Michael Paschal Kitt (born 17 May 1950) is a former Irish Fianna Fáil politician who served as Leas-Cheann Comhairle of Dáil Éireann from 2011 to 2016, a Minister of State from 1991 to 1992, and from 2007 to 2009. He served as a Teachta Dála (TD) for the Galway East constituency from 1975 to 1977, 1981 to 2002, and 2007 to 2016. He was a Senator from 2002 to 2007, after being nominated by the Taoiseach and from 1977 to 1981 for the Administrative Panel.

Early life
Born in Tuam, County Galway, Kitt was educated St Jarlath's College, Tuam; St Patrick's College of Education, Dublin; University College Dublin and University College Galway. He qualified as a teacher before becoming involved in politics.

Politics
In 1975, following the death of his father, Michael F. Kitt, he was elected to succeed his father on Galway County Council. In the Galway North-East by-election on 4 March he was elected to the 20th Dáil, being returned on the first count with a 7% majority over the Fine Gael candidate Paul Connaughton Snr.
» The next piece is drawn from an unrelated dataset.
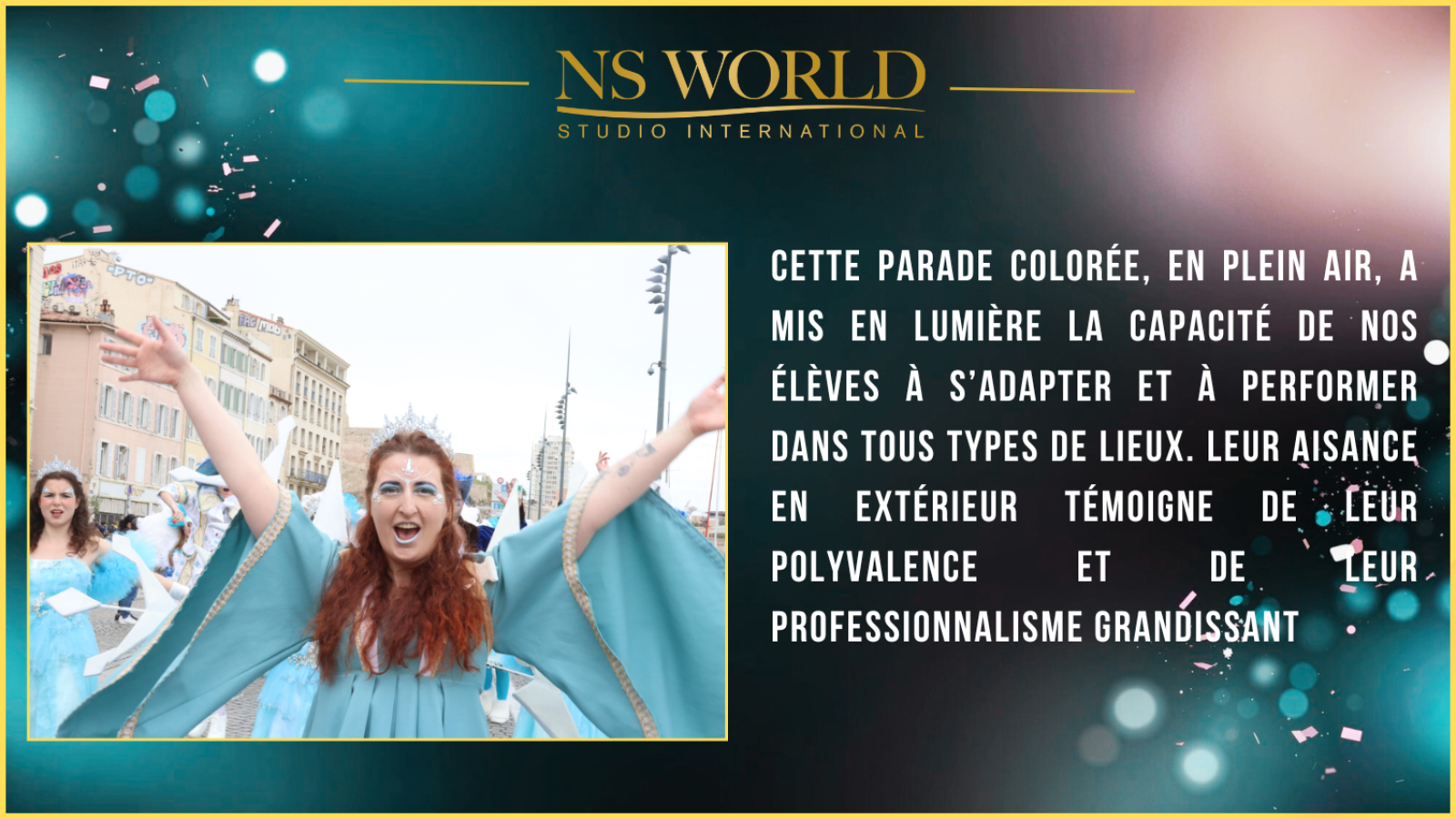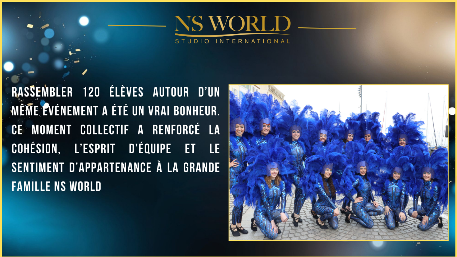 Rassembler plus de 120 élèves sur un même projet est une véritable prouesse. Leur passion commune pour la scène et leur complicité ont fait de cette parade une démonstration éclatante de l'esprit NS WORLD.

Kitt lost his Dáil seat at the 1977 general election but was subsequently elected to Seanad Éireann by the Administrative Panel, serving until 1981 as a member of the 14th Seanad. He was re-elected to the Dáil at the 1981 general election for the new Galway East and retained his seat until 2002.

During this period he served as a Minister of State at the Department of the Taoiseach for three months from November 1991 to February 1992. He lost his Dáil seat at the 2002 general election but was subsequently nominated by the Taoiseach to serve as a member of the 22nd Seanad. He was re-elected to the Dáil at the 2007 general election. In June 2007, he was appointed by Bertie Ahern as Minister of State at the Department of Foreign Affairs with responsibility for Overseas Development. In May 2008, when Brian Cowen succeeded as Taoiseach, he was appointed as Minister of State at the Department of the Environment, Heritage and Local Government with special responsibility for Local Services. He served in this position until April 2009 when he was dropped when Cowen reduced the number of junior ministers from 20 to 15.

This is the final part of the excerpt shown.